The prophetic ministry of the church that calls all people to godliness, obedience, and sexual purity arises out of concern for the spiritual welfare of people who must face God at judgment. I know it is not a welcome comment to make, but it was not my idea. Jesus himself out of love for those to whom he ministered warned them of the judgment to come and gave them the opportunity to repent. If uttering such a message is injurious to my gay readers, then their issue is with God directly. Presbyterian ministers are called to minister the grace and truth of the gospel to all people and have agreed on the basics of how to do this, as described in part by W-4.9000.

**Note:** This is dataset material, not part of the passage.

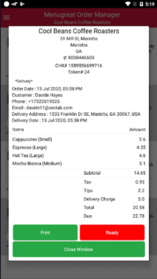 MoMan lets a store manage customers' orders from Menugreat.com. It has the following key features.

The grace of the gospel is expressed in tender care in times of illness, a willingness to hang out and talk at teachable moments, the practical aid all people need at one time or another, in short, sharing humanity and aspiring to godliness as it is contoured for us in the Scriptures. The truth of the gospel outlined in previous paragraphs does not diminish the love with which it is shared. Pain and heartache that result from godly decisions is a special kind of suffering that goes with dying to self. Jesus took our injuries upon himself, and many a saint since has counted it a privilege to share in his sufferings. We offer pastoral care to one another when we weep with those who weep, rejoice with those who rejoice, sigh in perplexity, and gasp at the mystery of God’s sovereignty. We celebrate together when our Christ-likeness becomes visible and tangible in everyday life. This is pastoral care at its best. May we receive it in the spirit in which it is given.

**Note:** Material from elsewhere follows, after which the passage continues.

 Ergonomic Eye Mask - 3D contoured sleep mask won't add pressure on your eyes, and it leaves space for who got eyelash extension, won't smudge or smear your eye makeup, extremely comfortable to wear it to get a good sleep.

3 thoughts on “The Right to Marry “in the Church”?”

  1. God defined marriage, not the Book of Order. (“Therefore a man leaves his parents and cleaves to his wife …”) By the same token “judicial precedent” does not “bar” anyone from marrying. Gays have the same opportunity to marry as anyone else–if they conform thier desires and conduct to God’s commands and seek union with the opposite sex. Indeed, what is injurious to both individuals and the church is calling righteous that what God has called sin. While we should certainly celebrate life–indeed, even the lives of sinners, the church should not celebrate sinners as they wallow in sin and give blessing to thier conduct.

  2. Mary,
    Thank you for being so clear. I know this is not an easy subject to write about. True love by a Christian means telling the truth both to the sinner and to the culture. In some decades not an easy task. True Christian love encircles the sinner with love and care which includes telling them that Christ wants to transform them to new creatures.

  3. Irony: The blog-supplied advertising video at the end of your post featured Ellen DeGeneres. I think they need to work on their ad-matching software!

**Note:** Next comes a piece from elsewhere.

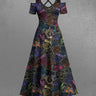 Gothic Plus Size Colorful Tarot Print Halloween Costume Crisscross A Line Maxi Dress

    Great post. You said it rightly and you said it well.

    I get very tired with the whining about “violence,” when someone has merely disagreed in a polite and civil way–even a caring, thoughtful way. Sometimes, it seems, particular people act like a cheap characature of themselves, reinforcing the reason for the stereotype in the first place. The stereotype would at the outset seem unfair, were it not so spot-on accurate at times.